Minilecture Video: Mutable Trees

Recall that a tree is a recursive abstract data type that has a label (the value stored in the root of the tree) and branches (a list of trees directly underneath the root).

We saw one way to implement the tree ADT -- using constructor and selector functions that treat trees as lists. Another, more formal, way to implement the tree ADT is with a class. Here is part of the class definition for Tree, which can be found in lab07.py:

class Tree:
    """
    >>> t = Tree(3, [Tree(2, [Tree(5)]), Tree(4)])
    >>> t.label
    3
    >>> t.branches[0].label
    2
    >>> t.branches[1].is_leaf()
    True
    """
    def __init__(self, label, branches=[]):
        for b in branches:
            assert isinstance(b, Tree)
        self.label = label
        self.branches = list(branches)

    def is_leaf(self):
        return not self.branches

Even though this is a new implementation, everything we know about the tree ADT remains true. That means that solving problems involving trees as objects uses the same techniques that we developed when first studying the tree ADT (e.g. we can still use recursion on the branches!). The main difference, aside from syntax, is that tree objects are mutable.

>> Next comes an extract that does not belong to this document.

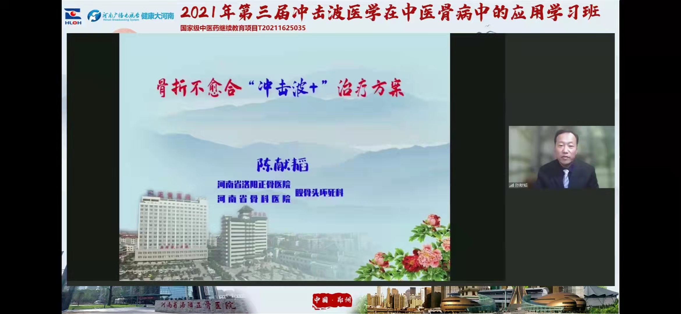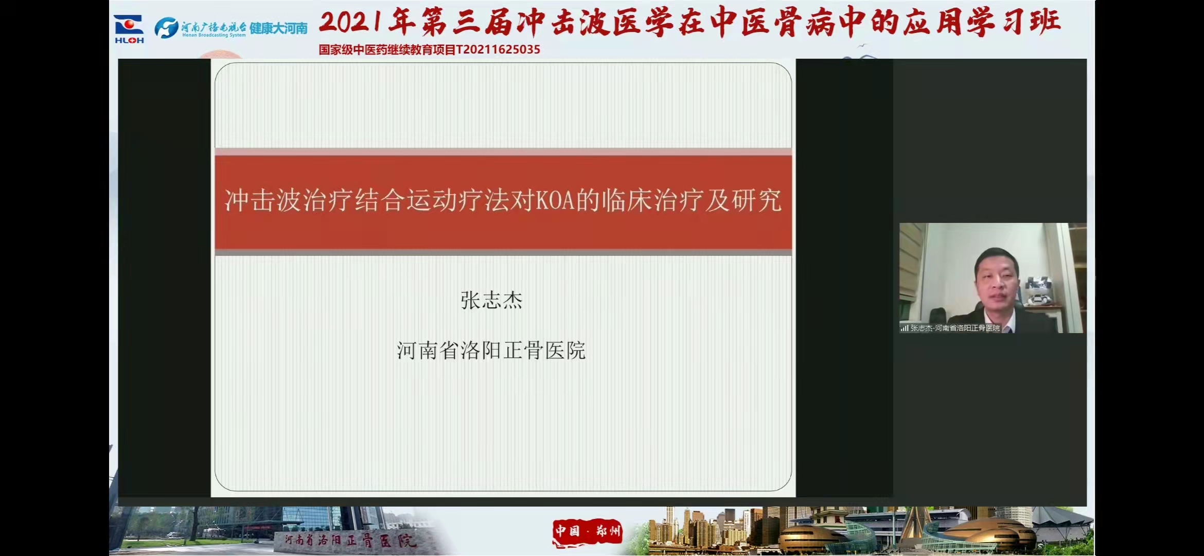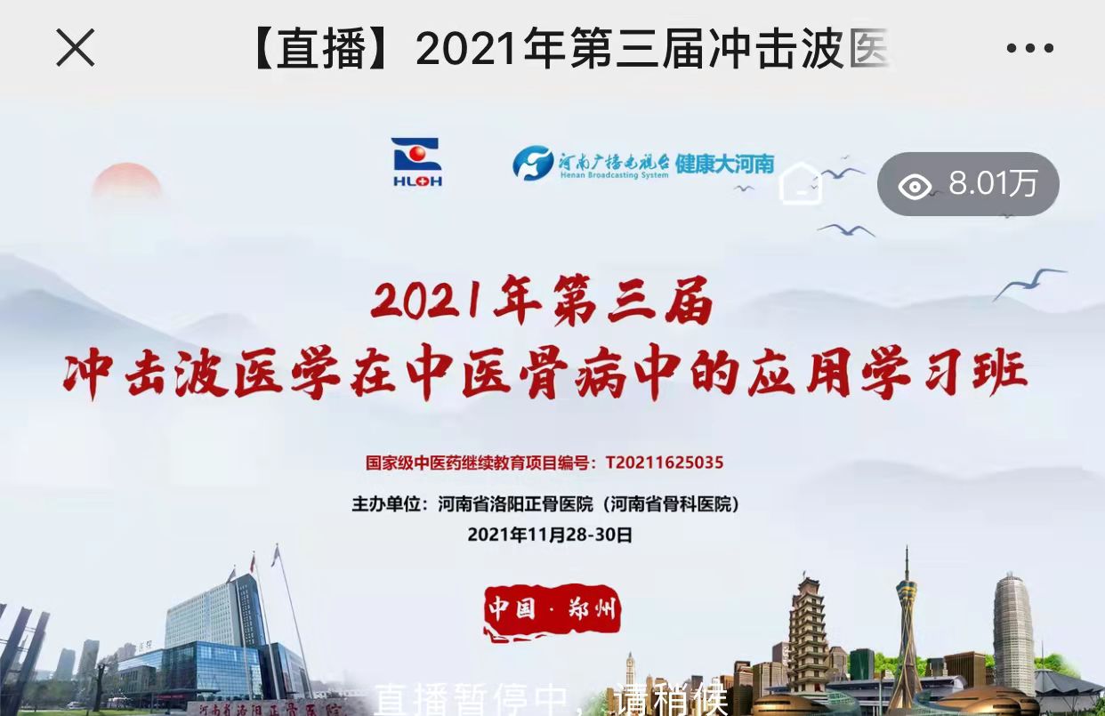 为推广我省冲击波医学在中医骨伤领域、骨坏死领域、康复医学、疼痛医学、运动医学等领域临床应用的新问题及新进展,2021年11月28日,由我院主办的国家中医药继续教育项目“冲击波医学在中医骨病中的应用学习班”利用“健康大河南”网络直播平台以线上直播形式成功举办。

Here is a summary of the differences between the tree ADT implemented using functions and lists vs. implemented using a class:

- Tree constructor and selector functions Tree class
Constructing a tree To construct a tree given a label and a list of branches, we call tree(label, branches) To construct a tree object given a label and a list of branches, we call Tree(label, branches) (which calls the Tree.__init__ method)
Label and branches To get the label or branches of a tree t, we call label(t) or branches(t) respectively To get the label or branches of a tree t, we access the instance attributes t.label or t.branches respectively
Mutability The tree ADT is immutable because we cannot assign values to call expressions The label and branches attributes of a Tree instance can be reassigned, mutating the tree
Checking if a tree is a leaf To check whether a tree t is a leaf, we call the convenience function is_leaf(t) To check whether a tree t is a leaf, we call the bound method t.is_leaf(). This method can only be called on Tree objects.

Required Questions

WWPD: Objects

Q1: The Car class

Note: These questions use inheritance. For an overview of inheritance, see the inheritance portion of Composing Programs

Below is the definition of a Car class that we will be using in the following WWPD questions. Note: This definition can also be found in car.py.

class Car:
    num_wheels = 4
    gas = 30
    headlights = 2
    size = 'Tiny'

    def __init__(self, make, model):
        self.make = make
        self.model = model
        self.color = 'No color yet. You need to paint me.'
        self.wheels = Car.num_wheels
        self.gas = Car.gas

    def paint(self, color):
        self.color = color
        return self.make + ' ' + self.model + ' is now ' + color

    def drive(self):
        if self.wheels < Car.num_wheels or self.gas <= 0:
            return 'Cannot drive!'
        self.gas -= 10
        return self.make + ' ' + self.model + ' goes vroom!'

    def pop_tire(self):
        if self.wheels > 0:
            self.wheels -= 1

    def fill_gas(self):
        self.gas += 20
        return 'Gas level: ' + str(self.gas)

Use Ok to test your knowledge with the following What would Python Display questions.

python3 ok -q wwpd-car -u

If an error occurs, type Error. If nothing is displayed, type Nothing.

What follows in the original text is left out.